Thread: Crypto Library Help Please!

  1. #1

    Crypto Library Help Please!

    Hi guys,

    This is probably a lame question, but I swear I'm near my wits end here. I'm looking for a well documented library in C that has the algorithms DES, Triple DES, and Blowfish...And let me re-emphasize *WELL* documented and preferably basic! So far I have attempted to use both crypto++ and cryptlib without success. My C++ skills are limited and trying to use crypto++ was hopeless for me as it seemed to be heavily object oriented with very poor documentation, IMHO. Cryptlib struck me as much better as it is thankfully in plain C, however, the documentation was somewhat lacking as well and I'm having a devil of a time figuring out wtf I'm doing. I'm such a crypto newbie, I had to even look up what the difference between the CBC and CFB modes . I'm trying to encrypt an ascii string so I assume that the CFB would be most appropriate as its more of a stream cipher.

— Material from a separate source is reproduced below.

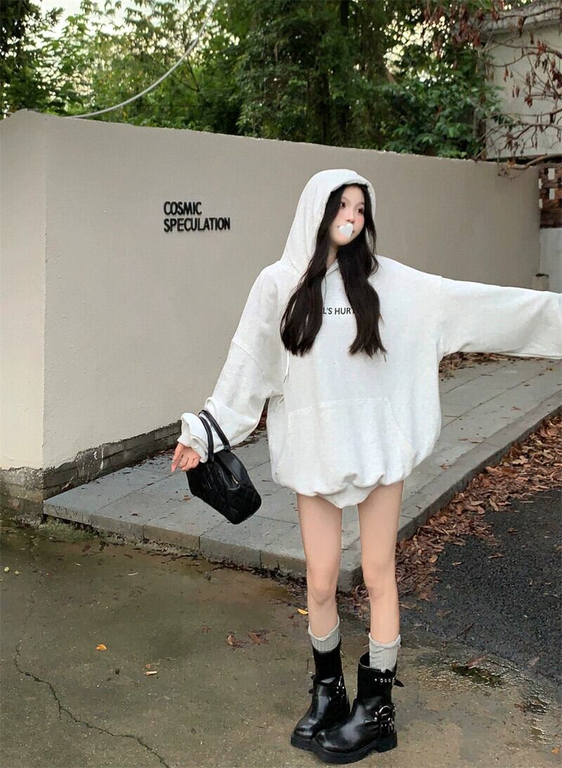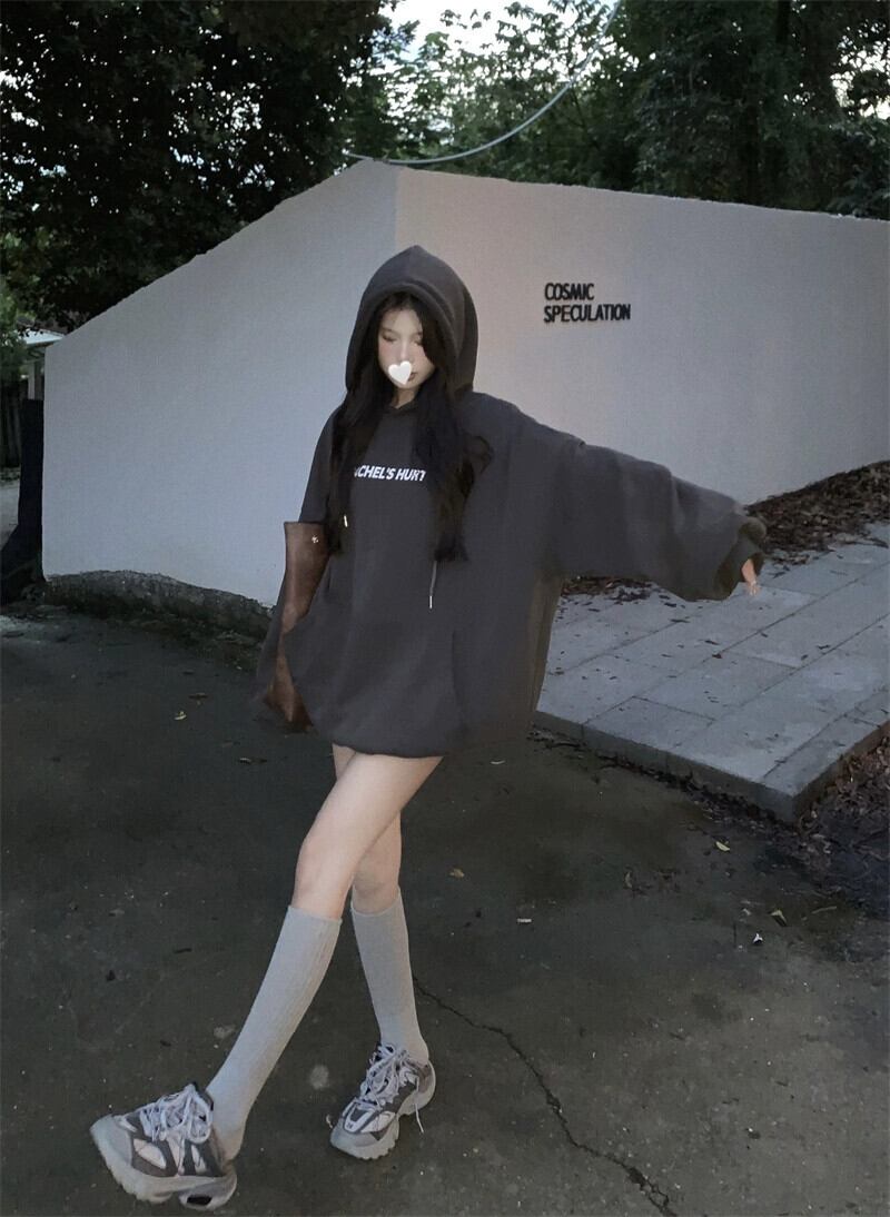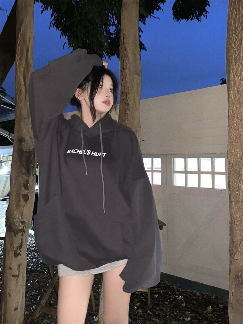 グレーの長袖フード付きスウェットシャツの女性、秋と冬のルーズなプルオーバーコート、怠惰なスタイル、ミッドレングスのレタープリントトップ ロング オータム 秋物 ウィンター 冬物 bstraw79357573900 | beaute25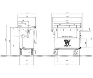 The Weber waste bin 660 litre is made of polyethylene (HDPE) in a compact injection molding process in accordance with EN 840-2. This wheelie bin has a lid with an easy-to-open insert lid (lid in lid) making it particularly user-friendly. Like all of our waste bins, this model is resistant to UV, frost, heat and chemicals as well.- All metal parts are corrosion-resistant thanks to galvanic zinc plating

    Here is some code that I have trying to use the cryptLib. Unfortunately, I doesn't work at all.
    //set up initialization vector variables
    char iv[CRYPT_MAX_IVSIZE] = {0};
    CRYPT_CONTEXT cryptContext = {0};
    memset(iv, '0', CRYPT_MAX_IVSIZE);

    //create the encryption context for the DES algorithm
    cryptCreateContext(&cryptContext, CRYPT_UNUSED,CRYPT_ALGO_DES);
    //set up the initialization vector
    cryptSetAttributeString(cryptContext,CRYPT_CTXINFO_IV,iv,8);
    //insert the key into the context
    cryptSetAttributeString(cryptContext, CRYPT_CTXINFO_KEY,password, 8 );
    //set as a stream cipher
    cryptSetAttribute( cryptContext, CRYPT_CTXINFO_MODE, CRYPT_MODE_CFB );
    //encrypt the plaintext
    cryptEncrypt(cryptContext,cryptarray,1);
    cryptDestroyContext(cryptContext);
    return cryptarray;

    Also, I was wondering about the best way to hash a password string into a key. For example, Blowfish has a 448 bit key. What is the best way to convert a string into this giant key? I know these questions belong on a crypto-forum-for-newbies , but I'll appreciate any help I can get

    Thanks,
    Clandestiny

  2. #2
    Administrator dELTA's Avatar
    Join Date
    Oct 2000
    Location
    Ring -1
    Posts
    4,206
    Blog Entries
    5
    Blowfish has a variable length key, it does not have to be e.g. 448 bits (which is not the maximum keylength either, if I'm not mistaken). Simply use the password itself as key. If you necessarily want to expand it, you could for example simply repeat the password until it fills up the desired length. Since the entropy of the key will not increase no matter what kind of hashing function you use, this is just as good as any other method.

  3. #3
    הבּרוּ נשׂאי כּלי יהוה mike's Avatar
    Join Date
    Mar 2001
    Posts
    491
    Well, lucky you! I work with Peter Gutmann on cryptlib, and wrote the java interface for it.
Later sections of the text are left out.